That’s not exactly what he said but that is what it amounted to.
Yesterday, Herman Cain, a contender for the GOP presidential nomination, announced that he would not support Texas Governor Rick Perry for president.
Herman Cain said Wednesday that he would be unable to support Rick Perry for president if the Texas governor were to eventually win the party’s nomination.
“Today, I could not support Rick Perry as the nominee for a host of reasons,” Cain said on CNN.
He cited specifically Perry’s support for in-state tuition breaks for the children of illegal immigrants.
This is little short of stunning considering Romney’s own turning a blind eye to “sanctuary cities” in Massachusetts.
Barring a deus ex machina type intervention the GOP nominee is going to be either Mitt Romney or Rick Perry.
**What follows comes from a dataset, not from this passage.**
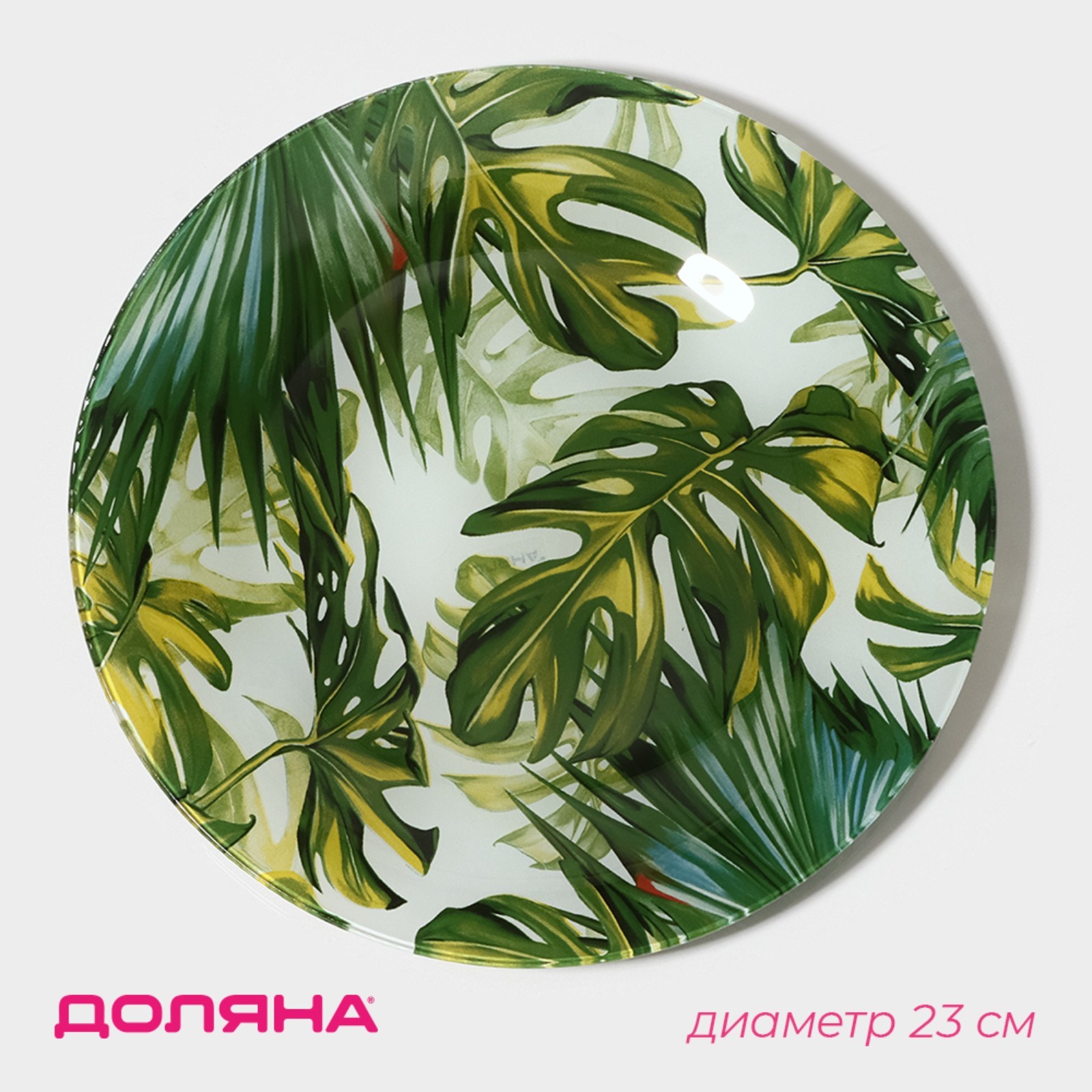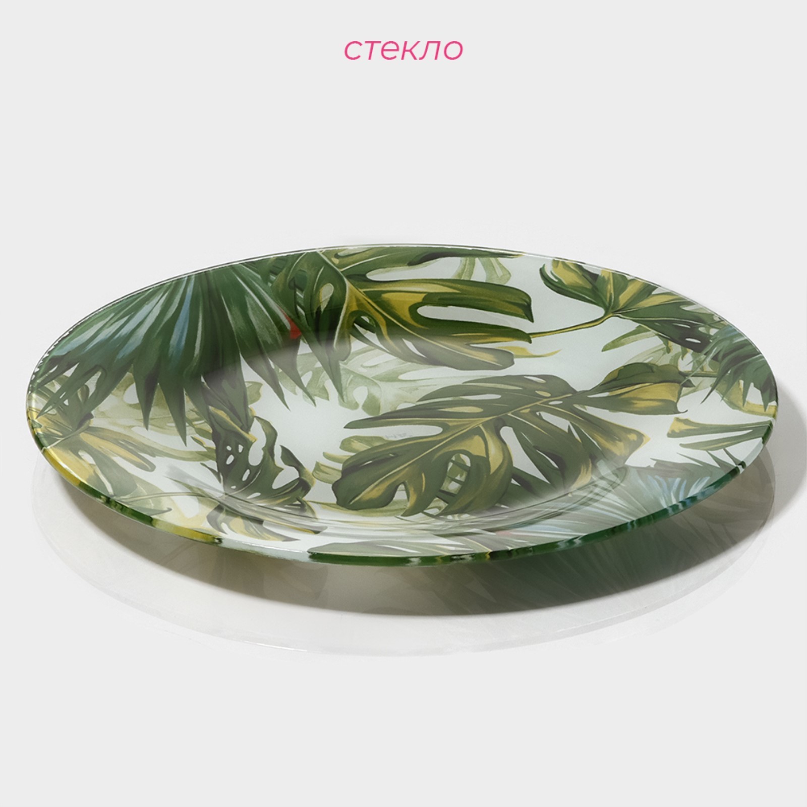 Тарелка стеклянная обеденная доляна «монстера», D=23 см Тарелка стеклянная обеденная доляна «монстера», D=23 см Тарелка стеклянная обеденная доляна «монстера», D=23 см

There is no doubt that Cain has gained some strength in the polls. Whether that strength is pro-Cain or a message being sent to the two front runners that they are inadequately conservative remains to be seen. Regardless, the candidates should not lose sight of the fact that the mission is to turf out Obama and his fellow travelers.
Even Mitt Romney, who also benefited from the endorsement of Tim Pawlenty when his campaign sputtered out, indicates he will support the eventual GOP nominee. Again from The Hill:
Other Republicans have shied away from similar statements, arguing that even a Republican with whom they have divergent views would be preferable to President Obama. Speaking at the Republican debate last weekend, Romney — responding to a question about which of his fellow panelists he might tap as vice president — said that any of his fellow candidates would qualify.
“You want someone who without question could become the president of the United States. These people could all fill that — that position. Any one of them would be a better president than what we have now,” Romney said.
Curiously, while Cain holds the decision by the Texas Legislature on in state tuition policy for illegal immigrants to be anathema he is unconcerned about Romney’s signature role in mucking up the Massachusetts health system so long as Romney promises to repeal ObamaCare.
Cain really needs to reconsider this comment. He’s bought a lot of good will in the GOP and the conservative movement. He has proven adept at articulating a conservative vision and in driving the nomination process in the correct direction. It is very difficult, however, to see a path to the nomination for him. It would be a shame to lose his voice if Rick Perry is nominated.